Less then 12 hours and already a gun control thread
I may as well contribute my two cents
People want gun control to stop crime
A law to stop criminals is like a cake to stop a fat person
The point about criminals is that they will break the law
[QUOTE=ojcoolj;40227412]Less then 12 hours and already a gun control thread
I may as well contribute my two cents
People want gun control to stop crime
A law to stop criminals is like a cake to stop a fat person
The point about criminals is that they will break the law[/QUOTE]
People want gun control to make it harder for criminals to do crimes.
[QUOTE=deadoon;40227163]Canada, mexico, people who go to hardware stores... If someone want's to shoot someone, they can make all the components, down to the bullet themselves if needed, or they can make .22 rounds out of [URL="http://en.wikipedia.org/wiki/Powder-actuated_tool"]ballistic nail-gun cartridges[/URL].[/QUOTE]
Doubt the less hardcore criminals would sport a firearm if it gets that difficult.
And the more hardcore ones are more concerned about using it sparingly.
[QUOTE=coldroll5;40227578]People want gun control to make it harder for criminals to do crimes.[/QUOTE]
Well, more exactly so the supply line of guns going to criminals gets severed
[QUOTE=LordCrypto;40221716]hi
[t]http://andysgunthoughts.files.wordpress.com/2010/05/img_1933.jpg[/t][/QUOTE]
By this logic people who spend time customizing their motor vehicles with silly shit are treating them like toys too, but I don't see you calling them idiots, despite the fact that motor vehicle accidents resulting in serious injury or death and deaths caused by people speeding far outweigh accidental firearm injury/death.
[QUOTE=JaegerMonster;40229893]By this logic people who spend time customizing their motor vehicles with silly shit are treating them like toys too, but I don't see you calling them idiots, despite the fact that motor vehicle accidents resulting in serious injury or death and deaths caused by people speeding far outweigh accidental firearm injury/death.[/QUOTE]
You're comparing something which is mainly designed with transporting people or goods (with a side effect of it potentially happening at dangerous speeds) in mind, to something that were pretty damn much designed with killing as first priority.
[QUOTE=JaegerMonster;40229893]By this logic people who spend time customizing their motor vehicles with silly shit are treating them like toys too, but I don't see you calling them idiots, despite the fact that motor vehicle accidents resulting in serious injury or death and deaths caused by people speeding far outweigh accidental firearm injury/death.[/QUOTE]
This argument is all kinds of retarded because a car or any vehicle's purpose is not a weapon.

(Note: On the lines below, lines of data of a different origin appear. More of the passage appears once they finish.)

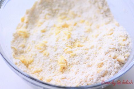 Mix the chunks of cold butter into the mixture of dry ingredients by using a pastry blender or use your fingertips to rub in the butter until you get pea-sized lumps.
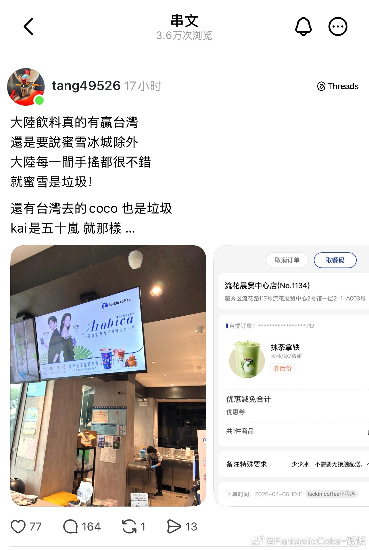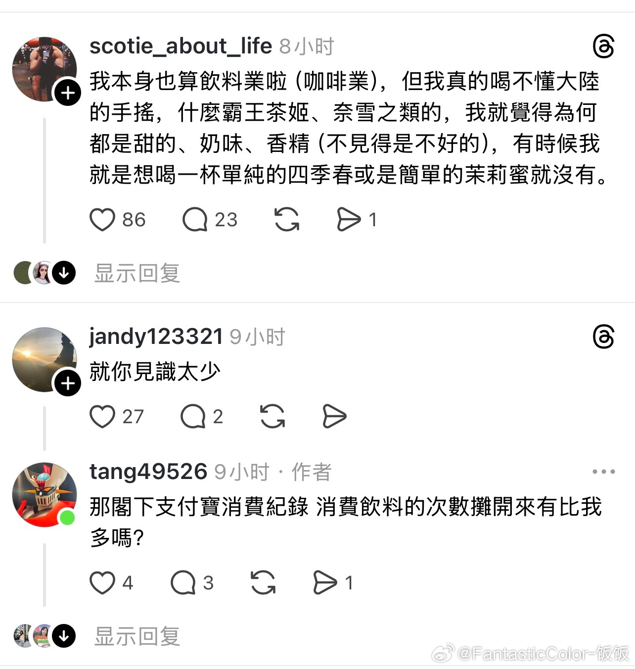 台湾网友发帖说大陆奶茶好喝,结果评论区全是破防反驳
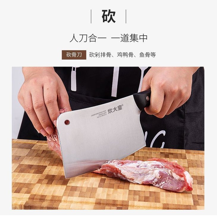 轻松砍切排骨、鸡骨、冻肉等,刀身坚韧不易崩口
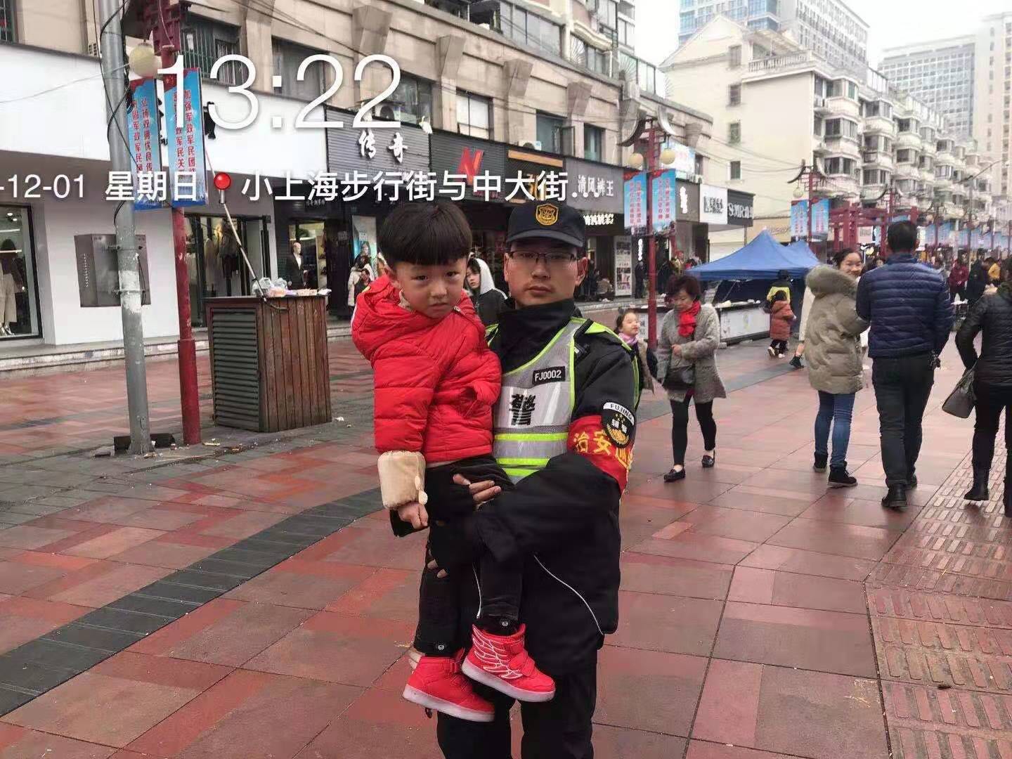 12月1日,周浦輔警隊(duì)員王云強(qiáng)13:22分巡邏至步行街121號正新雞排店門口時,發(fā)現(xiàn)一個小男孩一直在哭泣,旁邊沒有家長看護(hù)。于是,就上前詢問,得知小男孩和媽媽一起出來逛街,自己只顧玩,走著走著就找不到媽媽了,所以急得哭了起來。
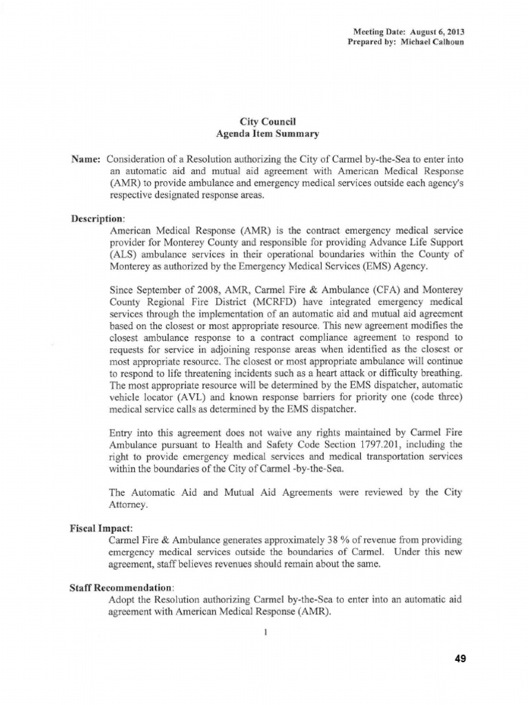 Fire Department Mutual Aid Agreement Template
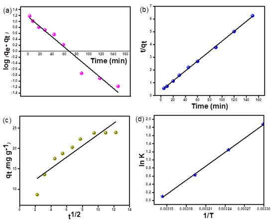 The interdependence of removal efficiency and period of adsorption was checked out by varying contact time from 5 to 150 min. With an increase in contact time to 90 min, the adsorption efficiency increased considerably, thereafter it tended to be stable aiming toward equilibrium attainment of the adsorption process. Hence, this time period was selected for further studies (Figure 8d). This is in agreement with earlier studies, the rapid adsorption at the beginning was in reference to abundant vacant sites for adsorption. However, with the passage of time, dye molecules gradually filled adsorption sites, inhibiting further adsorption and slowing the total adsorption process till equilibrium was reached [22,45]. Figure 9 collates kinetic plots of pseudo-first order, pseudo-second order, and intraparticle diffusion model (IPD). The fitting parameters are listed in Table 1. From the table, it is clear that the experimental data are in complete agreement with the pseudo-second-order kinetics model equation. The expression for this pseudo-second-order model is as given below:
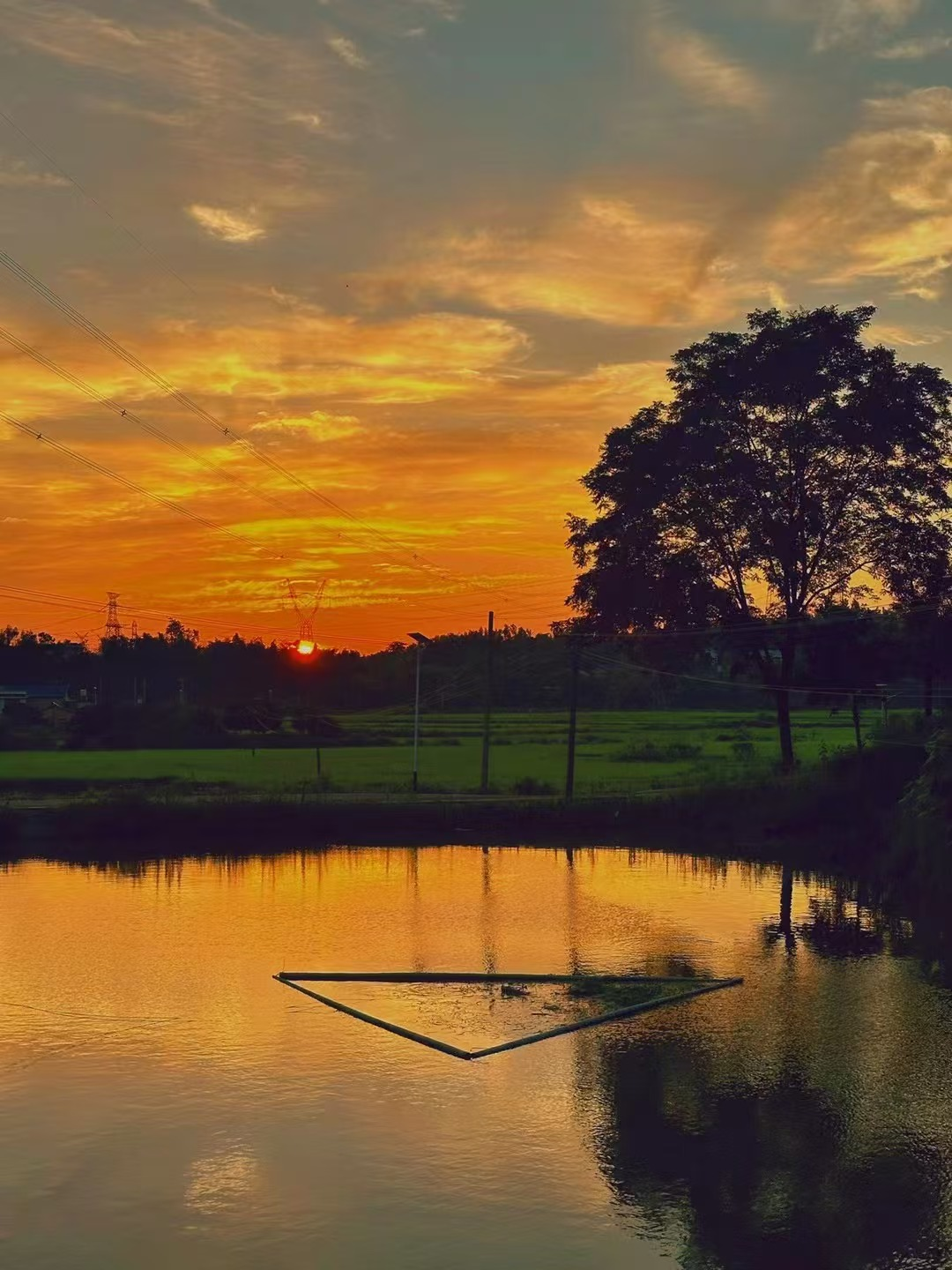 晚霞满天,斜阳洒满金黄的稻田。一片火烧云占据了西边的天际。白的不是云、红的不是血、黄的不是金,而是来自宇宙的光芒。人们回到家中!安静平和、丰衣足食、风调雨顺,恰到好处的生活。真好!
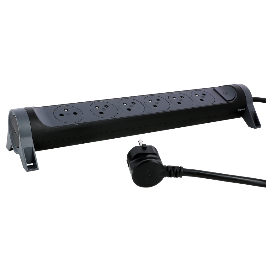 Prodlužovací přívod s válcovým otočným tělem a šesti 2P+T zásuvkami. Díky patentu společnosti Legrand se zarovnaná dna zásuvek zasunou dovnitř až po zastrčení vidlice, tím se dosahuje atraktivního designu a zamezuje hromadění prachu. Pootočené zásuvky poskytují prostor pro připojení i objemnějších nabíječek. Prodlužovací přívod je možné upevnit v horizontální i vertikální poloze a nechybí ani spínač pro vypnutí a zapnutí.
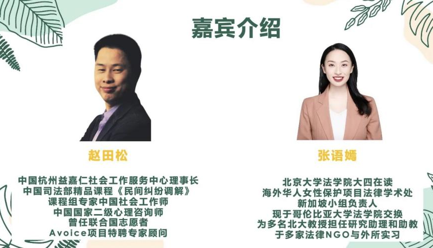 本次分享会有幸邀请到赵田松老师和 张语嫣学姐两位在反家暴、妇女权益保护等公益事业领域研究工作的专业嘉宾,和参与者共同探讨公共事务空间内的女性未来发展之路。
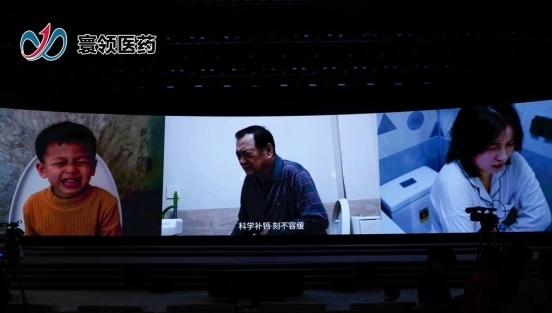 当科技创新与人文关怀相遇,便迸发出照亮未来的光芒。随后,一段充满温情与希望的启动视频在大屏幕上缓缓播放,将寰领医药对公益的承诺与行动具象化地展现在了大家面前。中国妇女杂志社相关领导、浙江寰领医药科技有限公司董事长周彦军先生、一心堂药业集团股份有限公司董事长阮鸿献先生、益丰大药房股份连锁有限公司董事长高毅先生、漱玉平民大药房连锁股份有限公司董事长李文杰先生、健之佳医药连锁集团股份有限公司董事长蓝波先生、高济健康CEO龚建军先生、河南张仲景大药房股份有限公司总经理杨明江先生、山东立健药店连锁有限公司董事长张立俊先生、浙江寰领医药科技有限公司副总经理陶勇先生共同登台,在全场观众的共同倒数声中,按下启动键,标志着“创新钙营养 守护骨健康——寰领医药·金贝钙2025品牌公益行动”正式启航。
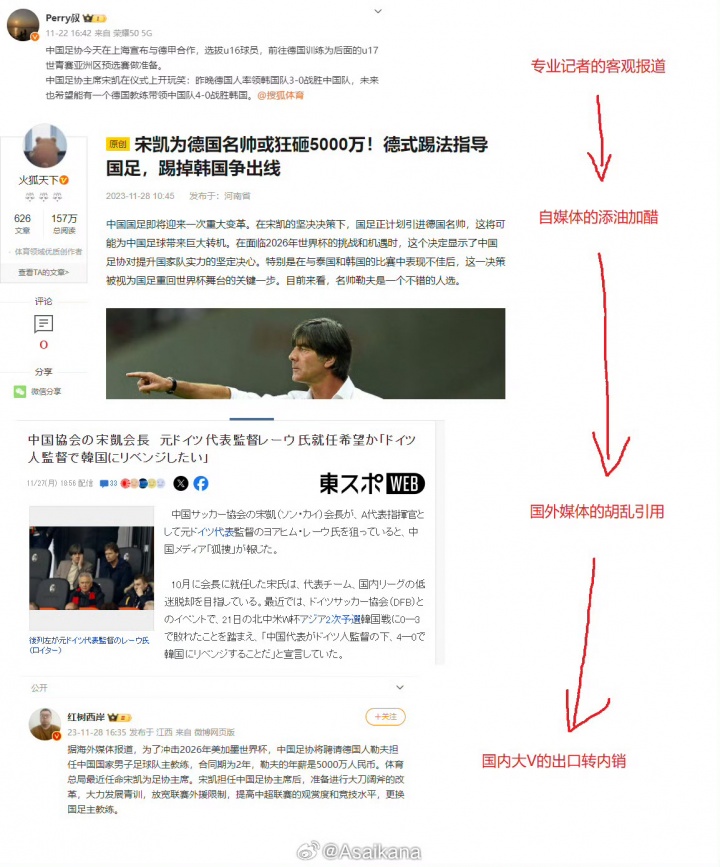 据多家韩媒报谈,前韩国主帅克林斯曼可能被任命为中国男足主帅。不外据查证,韩媒征引的讯息出自中国国内自媒体,不具备真确度。 媒体东谈主热议 王晓瑞:韩国媒体的爆料基本齐是征引“中国自媒体”。某家数自媒体天天编作秀新闻,重要是国内圈里东谈主齐知谈这不靠谱,韩国记者们齐信以为真,然后征引中国自媒体在那加工版胡编滥造,然后中国球迷看到韩国媒体撰文,又以为是韩国媒体爆料,殊不得而知谣传讹。重要是这种事根柢莫得东谈垄断,前几天韩国媒体还在那YY某中国国脚打假球,效果仔细一看依然征引中国自媒体的胡编。对此景况,只可四字追忆:“太丢东谈主了”,何况十分影响国外形象,重要还齐是谰言风语的事情,的确得需要有东谈垄断一管。 裴力:克林斯曼要来了,中国足球更干扰了。东谈主脑袋能打成狗脑袋。有莫得水平另说,克林斯曼这性格,可不是个好伺候的主。 李璇:我认为一万个弗成能,这种素养,本人实力一般,然则本性贼大。韩国东谈主我方体验过,吃过大亏,当今还但愿中国足协也掉坑里,安的什么心? 中国足协前次选伊万,本领紧,任务重。此次本领充分,细则不会让我方再掉坑里。 朱艺:又到了发这张图的时候了,哈哈

You could apply the same argument to escalators, elevators, planes, boats, even space shuttles. Anything going at a high speed with a ton of mass behind it is dangerous, but its' usefulness in society for the public far outweighs guns.
[QUOTE=JaegerMonster;40229893]By this logic people who spend time customizing their motor vehicles with silly shit are treating them like toys too, but I don't see you calling them idiots, despite the fact that motor vehicle accidents resulting in serious injury or death and deaths caused by people speeding far outweigh accidental firearm injury/death.[/QUOTE]
It's also a thread about guns, why would he argue about people not taking their cars seriously? I think driving responsebility is huge problem, but we're not talking about cars.